Below are records to repeat exactly; copy them without the pictures.

*** Opening Task data ***

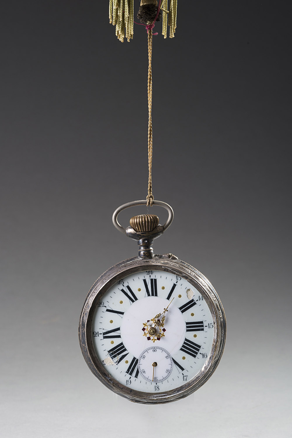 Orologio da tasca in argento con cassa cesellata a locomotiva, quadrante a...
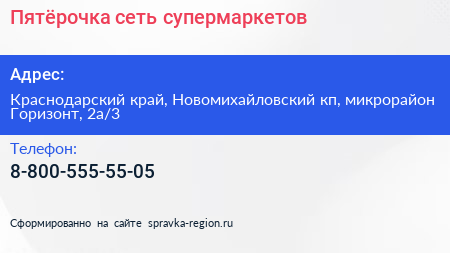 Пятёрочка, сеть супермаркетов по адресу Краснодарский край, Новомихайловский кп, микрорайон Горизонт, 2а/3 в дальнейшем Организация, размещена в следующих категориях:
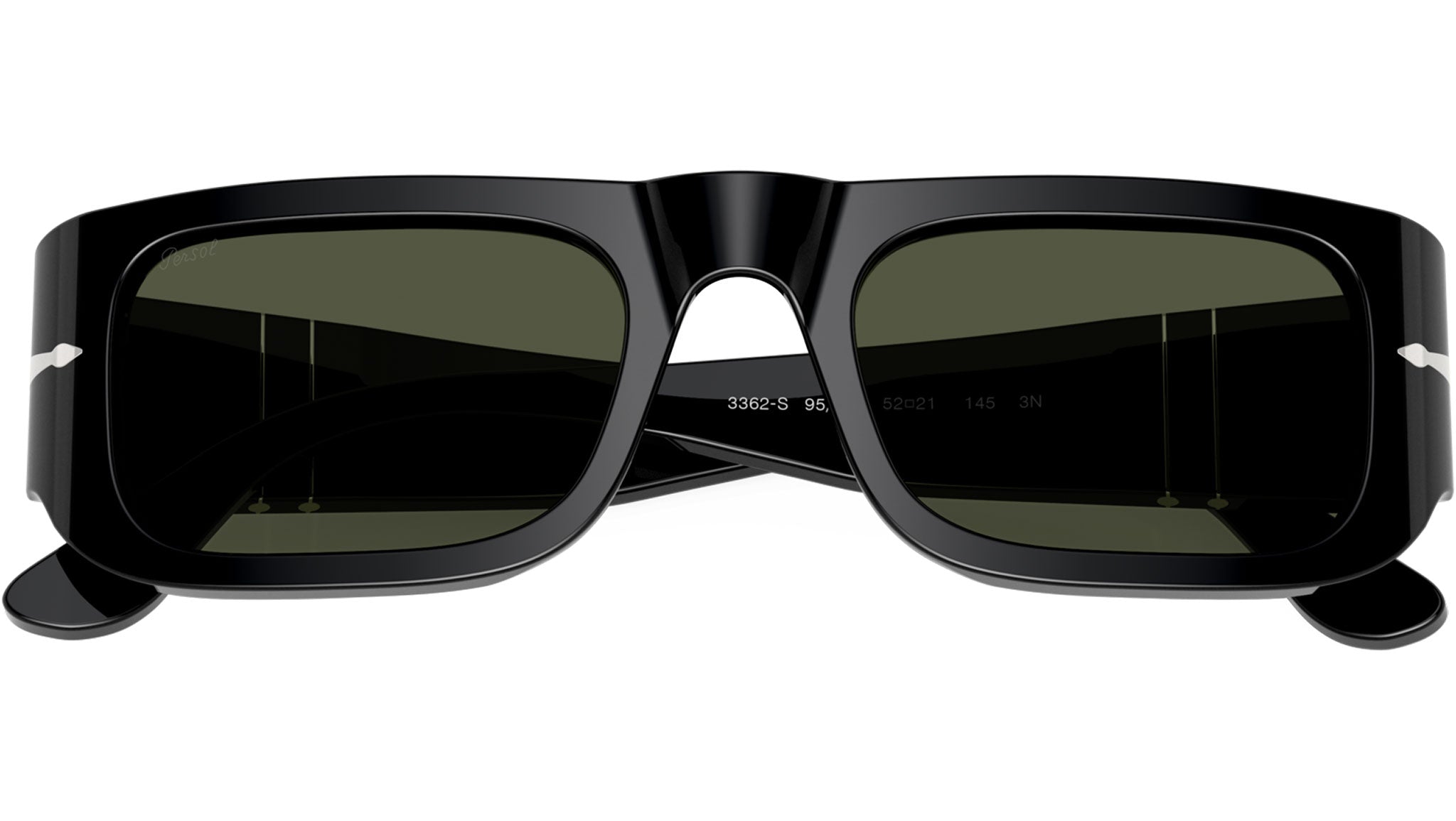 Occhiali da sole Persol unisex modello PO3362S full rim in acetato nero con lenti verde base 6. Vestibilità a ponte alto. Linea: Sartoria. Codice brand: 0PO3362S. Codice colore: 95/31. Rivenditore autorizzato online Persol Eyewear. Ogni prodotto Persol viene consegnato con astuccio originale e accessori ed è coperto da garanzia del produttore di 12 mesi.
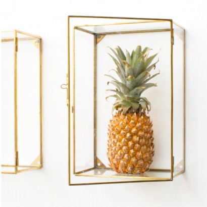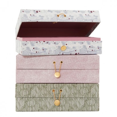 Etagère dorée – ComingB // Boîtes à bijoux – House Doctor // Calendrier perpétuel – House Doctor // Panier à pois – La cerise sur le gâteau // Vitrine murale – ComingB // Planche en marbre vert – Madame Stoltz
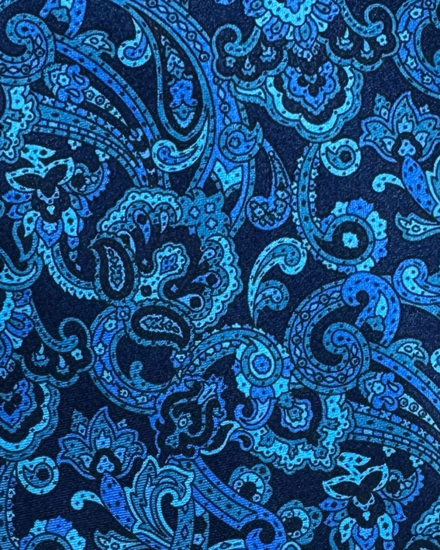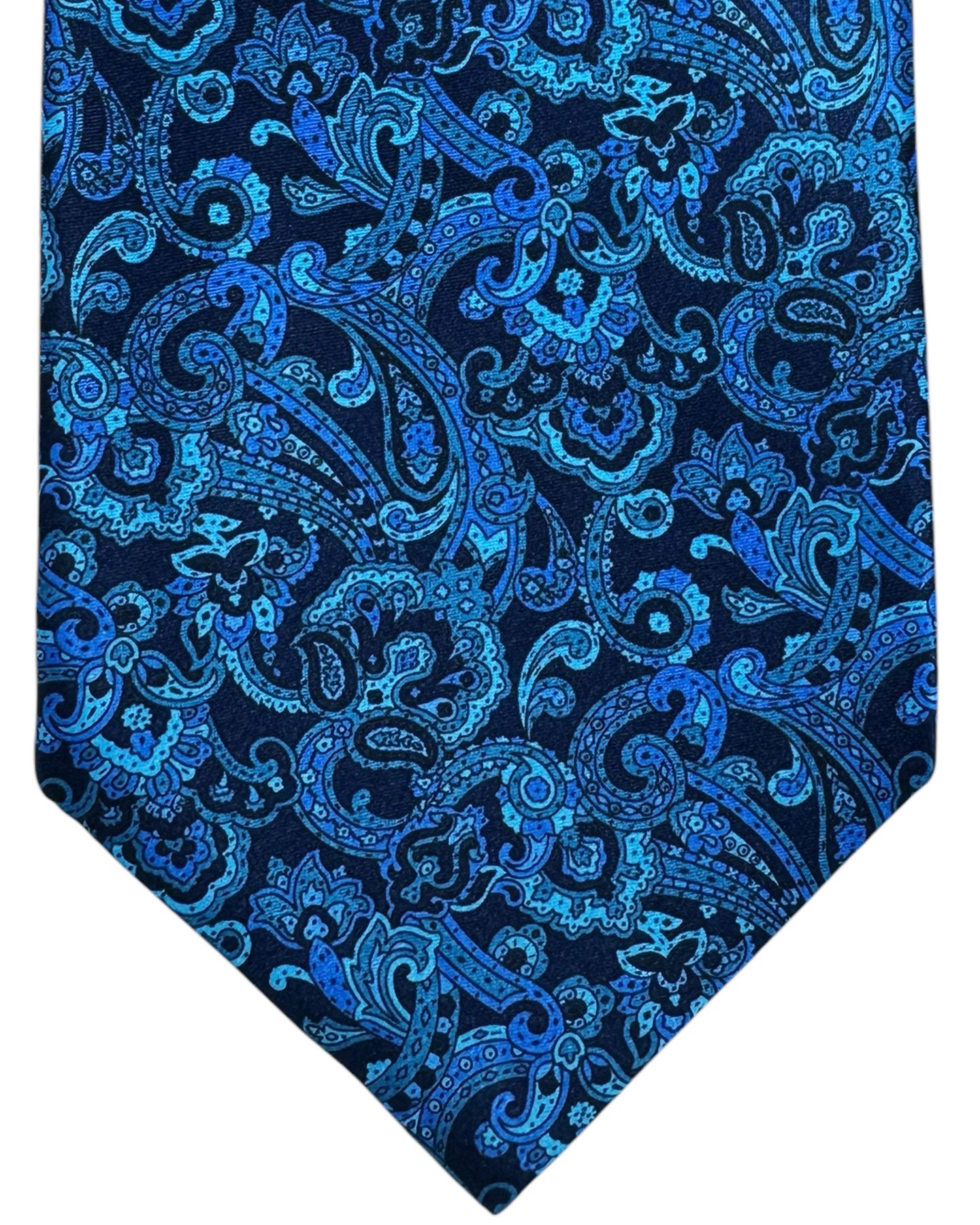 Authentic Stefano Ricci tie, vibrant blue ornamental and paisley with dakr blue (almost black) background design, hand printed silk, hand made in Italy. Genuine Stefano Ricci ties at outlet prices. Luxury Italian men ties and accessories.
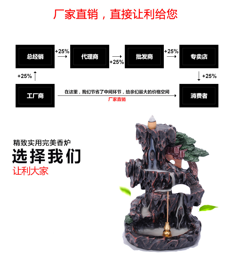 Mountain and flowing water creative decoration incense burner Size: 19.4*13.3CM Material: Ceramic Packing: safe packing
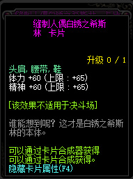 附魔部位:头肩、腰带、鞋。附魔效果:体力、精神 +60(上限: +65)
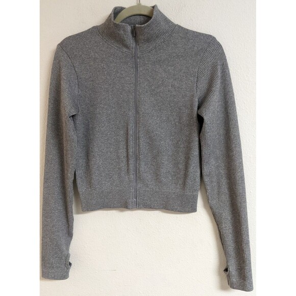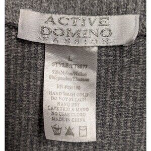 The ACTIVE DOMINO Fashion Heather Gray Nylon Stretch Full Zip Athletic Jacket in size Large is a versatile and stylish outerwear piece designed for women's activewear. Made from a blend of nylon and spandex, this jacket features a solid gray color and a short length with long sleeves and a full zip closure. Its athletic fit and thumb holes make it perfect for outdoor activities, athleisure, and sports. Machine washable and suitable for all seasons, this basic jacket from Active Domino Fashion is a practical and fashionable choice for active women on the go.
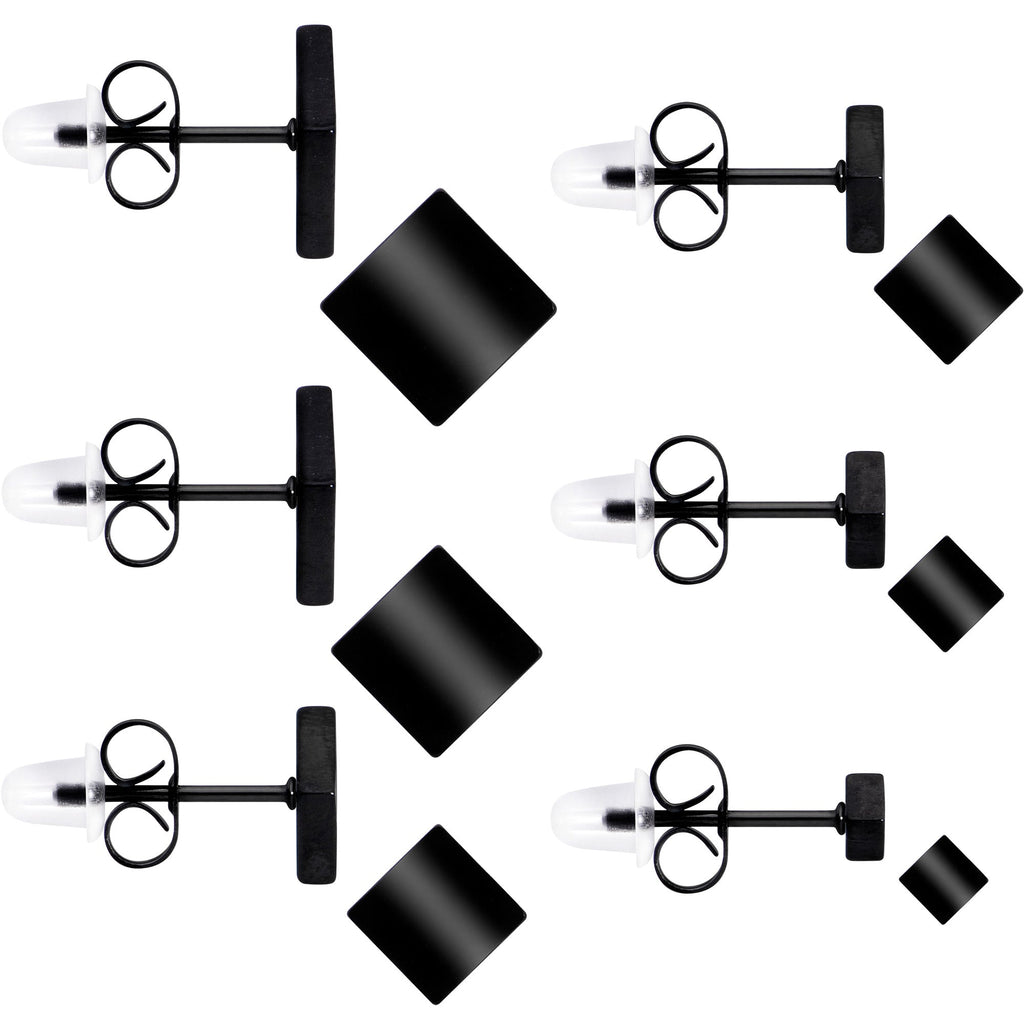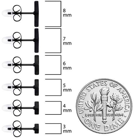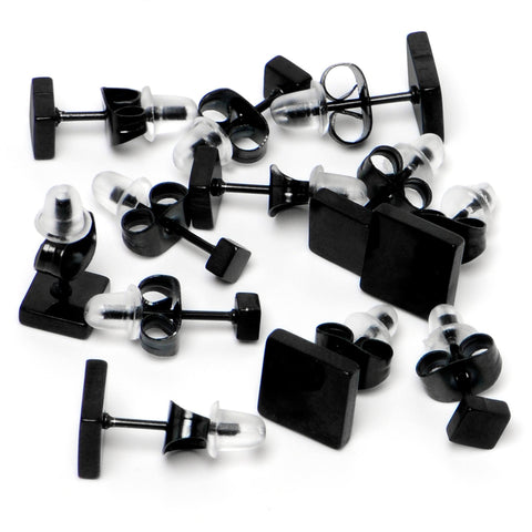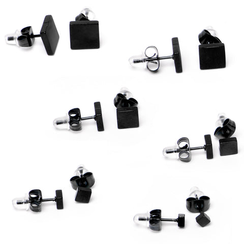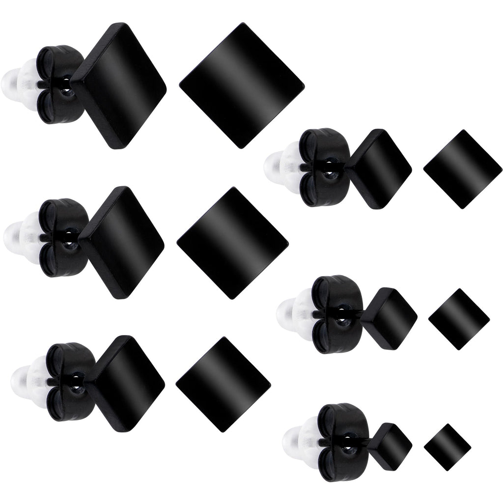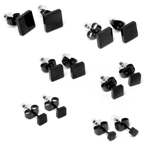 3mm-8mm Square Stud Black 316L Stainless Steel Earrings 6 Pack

*** Closing Task data ***

Answer section:
 Orologio da tasca in argento con cassa cesellata a locomotiva, quadrante a...
 Пятёрочка, сеть супермаркетов по адресу Краснодарский край, Новомихайловский кп, микрорайон Горизонт, 2а/3 в дальнейшем Организация, размещена в следующих категориях:
 Occhiali da sole Persol unisex modello PO3362S full rim in acetato nero con lenti verde base 6. Vestibilità a ponte alto. Linea: Sartoria. Codice brand: 0PO3362S. Codice colore: 95/31. Rivenditore autorizzato online Persol Eyewear. Ogni prodotto Persol viene consegnato con astuccio originale e accessori ed è coperto da garanzia del produttore di 12 mesi.
 Etagère dorée – ComingB // Boîtes à bijoux – House Doctor // Calendrier perpétuel – House Doctor // Panier à pois – La cerise sur le gâteau // Vitrine murale – ComingB // Planche en marbre vert – Madame Stoltz
 Authentic Stefano Ricci tie, vibrant blue ornamental and paisley with dakr blue (almost black) background design, hand printed silk, hand made in Italy. Genuine Stefano Ricci ties at outlet prices. Luxury Italian men ties and accessories.
 Mountain and flowing water creative decoration incense burner Size: 19.4*13.3CM Material: Ceramic Packing: safe packing
 附魔部位:头肩、腰带、鞋。附魔效果:体力、精神 +60(上限: +65)
 The ACTIVE DOMINO Fashion Heather Gray Nylon Stretch Full Zip Athletic Jacket in size Large is a versatile and stylish outerwear piece designed for women's activewear. Made from a blend of nylon and spandex, this jacket features a solid gray color and a short length with long sleeves and a full zip closure. Its athletic fit and thumb holes make it perfect for outdoor activities, athleisure, and sports. Machine washable and suitable for all seasons, this basic jacket from Active Domino Fashion is a practical and fashionable choice for active women on the go.
 3mm-8mm Square Stud Black 316L Stainless Steel Earrings 6 Pack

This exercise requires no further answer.